* Your goal
Copy every entry exactly.

===== Records supplied =====

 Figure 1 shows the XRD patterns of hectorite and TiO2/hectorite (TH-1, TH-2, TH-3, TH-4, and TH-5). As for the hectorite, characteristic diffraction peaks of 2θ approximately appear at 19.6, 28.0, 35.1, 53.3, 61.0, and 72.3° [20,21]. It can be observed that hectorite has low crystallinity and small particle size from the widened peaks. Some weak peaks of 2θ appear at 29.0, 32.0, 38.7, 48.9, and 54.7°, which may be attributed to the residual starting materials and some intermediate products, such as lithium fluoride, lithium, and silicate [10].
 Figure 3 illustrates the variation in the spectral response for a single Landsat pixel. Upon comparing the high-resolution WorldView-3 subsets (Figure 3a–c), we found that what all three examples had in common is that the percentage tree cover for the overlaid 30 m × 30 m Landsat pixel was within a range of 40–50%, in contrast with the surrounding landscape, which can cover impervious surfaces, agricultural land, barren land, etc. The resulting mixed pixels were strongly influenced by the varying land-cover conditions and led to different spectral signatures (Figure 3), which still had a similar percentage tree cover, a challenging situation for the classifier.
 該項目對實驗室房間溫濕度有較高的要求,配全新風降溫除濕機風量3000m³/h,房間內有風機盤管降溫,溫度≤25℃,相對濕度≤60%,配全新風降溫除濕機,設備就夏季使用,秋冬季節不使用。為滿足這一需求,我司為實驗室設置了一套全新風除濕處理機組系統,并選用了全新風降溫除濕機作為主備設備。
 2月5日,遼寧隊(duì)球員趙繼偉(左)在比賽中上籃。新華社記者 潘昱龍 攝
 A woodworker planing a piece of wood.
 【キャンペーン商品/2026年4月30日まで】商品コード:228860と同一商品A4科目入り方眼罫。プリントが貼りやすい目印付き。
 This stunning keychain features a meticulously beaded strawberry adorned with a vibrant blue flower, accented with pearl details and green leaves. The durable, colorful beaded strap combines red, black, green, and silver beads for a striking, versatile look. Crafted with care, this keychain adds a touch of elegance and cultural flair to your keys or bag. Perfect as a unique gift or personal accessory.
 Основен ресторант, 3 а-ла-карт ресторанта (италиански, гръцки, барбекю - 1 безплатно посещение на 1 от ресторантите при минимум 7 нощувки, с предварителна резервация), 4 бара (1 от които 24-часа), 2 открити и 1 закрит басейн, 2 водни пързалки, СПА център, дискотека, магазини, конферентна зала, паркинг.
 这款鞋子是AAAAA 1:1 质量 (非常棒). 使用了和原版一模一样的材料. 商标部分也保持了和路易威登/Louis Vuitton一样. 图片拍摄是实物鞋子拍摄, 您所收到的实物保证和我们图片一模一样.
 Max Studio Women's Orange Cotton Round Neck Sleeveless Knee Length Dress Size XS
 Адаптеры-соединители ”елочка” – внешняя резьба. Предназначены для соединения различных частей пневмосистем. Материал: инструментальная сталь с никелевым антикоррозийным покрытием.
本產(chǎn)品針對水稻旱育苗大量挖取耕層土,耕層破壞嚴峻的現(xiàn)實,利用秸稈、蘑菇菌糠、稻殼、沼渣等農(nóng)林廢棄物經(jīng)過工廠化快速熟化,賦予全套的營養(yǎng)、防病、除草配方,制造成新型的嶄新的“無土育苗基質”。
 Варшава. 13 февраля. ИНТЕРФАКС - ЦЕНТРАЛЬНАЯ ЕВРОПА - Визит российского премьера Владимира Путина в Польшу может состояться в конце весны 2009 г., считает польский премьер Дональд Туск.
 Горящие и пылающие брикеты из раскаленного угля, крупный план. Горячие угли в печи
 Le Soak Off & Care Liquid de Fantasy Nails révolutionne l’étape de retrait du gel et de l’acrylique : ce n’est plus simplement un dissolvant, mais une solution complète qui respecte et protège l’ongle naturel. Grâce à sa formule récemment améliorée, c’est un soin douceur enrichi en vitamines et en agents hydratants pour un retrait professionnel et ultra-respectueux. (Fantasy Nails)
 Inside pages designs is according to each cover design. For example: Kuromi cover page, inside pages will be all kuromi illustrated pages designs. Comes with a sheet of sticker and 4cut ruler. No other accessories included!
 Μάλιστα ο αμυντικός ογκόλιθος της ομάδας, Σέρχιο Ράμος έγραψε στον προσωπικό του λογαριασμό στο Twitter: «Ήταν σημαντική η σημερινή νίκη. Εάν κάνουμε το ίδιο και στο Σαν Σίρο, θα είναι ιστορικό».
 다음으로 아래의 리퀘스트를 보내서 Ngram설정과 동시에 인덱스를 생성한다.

=====

* Answer section
 Figure 1 shows the XRD patterns of hectorite and TiO2/hectorite (TH-1, TH-2, TH-3, TH-4, and TH-5). As for the hectorite, characteristic diffraction peaks of 2θ approximately appear at 19.6, 28.0, 35.1, 53.3, 61.0, and 72.3° [20,21]. It can be observed that hectorite has low crystallinity and small particle size from the widened peaks. Some weak peaks of 2θ appear at 29.0, 32.0, 38.7, 48.9, and 54.7°, which may be attributed to the residual starting materials and some intermediate products, such as lithium fluoride, lithium, and silicate [10].
 Figure 3 illustrates the variation in the spectral response for a single Landsat pixel. Upon comparing the high-resolution WorldView-3 subsets (Figure 3a–c), we found that what all three examples had in common is that the percentage tree cover for the overlaid 30 m × 30 m Landsat pixel was within a range of 40–50%, in contrast with the surrounding landscape, which can cover impervious surfaces, agricultural land, barren land, etc. The resulting mixed pixels were strongly influenced by the varying land-cover conditions and led to different spectral signatures (Figure 3), which still had a similar percentage tree cover, a challenging situation for the classifier.
 該項目對實驗室房間溫濕度有較高的要求,配全新風降溫除濕機風量3000m³/h,房間內有風機盤管降溫,溫度≤25℃,相對濕度≤60%,配全新風降溫除濕機,設備就夏季使用,秋冬季節不使用。為滿足這一需求,我司為實驗室設置了一套全新風除濕處理機組系統,并選用了全新風降溫除濕機作為主備設備。
 2月5日,遼寧隊(duì)球員趙繼偉(左)在比賽中上籃。新華社記者 潘昱龍 攝
 A woodworker planing a piece of wood.
 【キャンペーン商品/2026年4月30日まで】商品コード:228860と同一商品A4科目入り方眼罫。プリントが貼りやすい目印付き。
 This stunning keychain features a meticulously beaded strawberry adorned with a vibrant blue flower, accented with pearl details and green leaves. The durable, colorful beaded strap combines red, black, green, and silver beads for a striking, versatile look. Crafted with care, this keychain adds a touch of elegance and cultural flair to your keys or bag. Perfect as a unique gift or personal accessory.
 Основен ресторант, 3 а-ла-карт ресторанта (италиански, гръцки, барбекю - 1 безплатно посещение на 1 от ресторантите при минимум 7 нощувки, с предварителна резервация), 4 бара (1 от които 24-часа), 2 открити и 1 закрит басейн, 2 водни пързалки, СПА център, дискотека, магазини, конферентна зала, паркинг.
 这款鞋子是AAAAA 1:1 质量 (非常棒). 使用了和原版一模一样的材料. 商标部分也保持了和路易威登/Louis Vuitton一样. 图片拍摄是实物鞋子拍摄, 您所收到的实物保证和我们图片一模一样.
 Max Studio Women's Orange Cotton Round Neck Sleeveless Knee Length Dress Size XS
 Адаптеры-соединители ”елочка” – внешняя резьба. Предназначены для соединения различных частей пневмосистем. Материал: инструментальная сталь с никелевым антикоррозийным покрытием.
本產(chǎn)品針對水稻旱育苗大量挖取耕層土,耕層破壞嚴峻的現(xiàn)實,利用秸稈、蘑菇菌糠、稻殼、沼渣等農(nóng)林廢棄物經(jīng)過工廠化快速熟化,賦予全套的營養(yǎng)、防病、除草配方,制造成新型的嶄新的“無土育苗基質”。
 Варшава. 13 февраля. ИНТЕРФАКС - ЦЕНТРАЛЬНАЯ ЕВРОПА - Визит российского премьера Владимира Путина в Польшу может состояться в конце весны 2009 г., считает польский премьер Дональд Туск.
 Горящие и пылающие брикеты из раскаленного угля, крупный план. Горячие угли в печи
 Le Soak Off & Care Liquid de Fantasy Nails révolutionne l’étape de retrait du gel et de l’acrylique : ce n’est plus simplement un dissolvant, mais une solution complète qui respecte et protège l’ongle naturel. Grâce à sa formule récemment améliorée, c’est un soin douceur enrichi en vitamines et en agents hydratants pour un retrait professionnel et ultra-respectueux. (Fantasy Nails)
 Inside pages designs is according to each cover design. For example: Kuromi cover page, inside pages will be all kuromi illustrated pages designs. Comes with a sheet of sticker and 4cut ruler. No other accessories included!
 Μάλιστα ο αμυντικός ογκόλιθος της ομάδας, Σέρχιο Ράμος έγραψε στον προσωπικό του λογαριασμό στο Twitter: «Ήταν σημαντική η σημερινή νίκη. Εάν κάνουμε το ίδιο και στο Σαν Σίρο, θα είναι ιστορικό».
 다음으로 아래의 리퀘스트를 보내서 Ngram설정과 동시에 인덱스를 생성한다.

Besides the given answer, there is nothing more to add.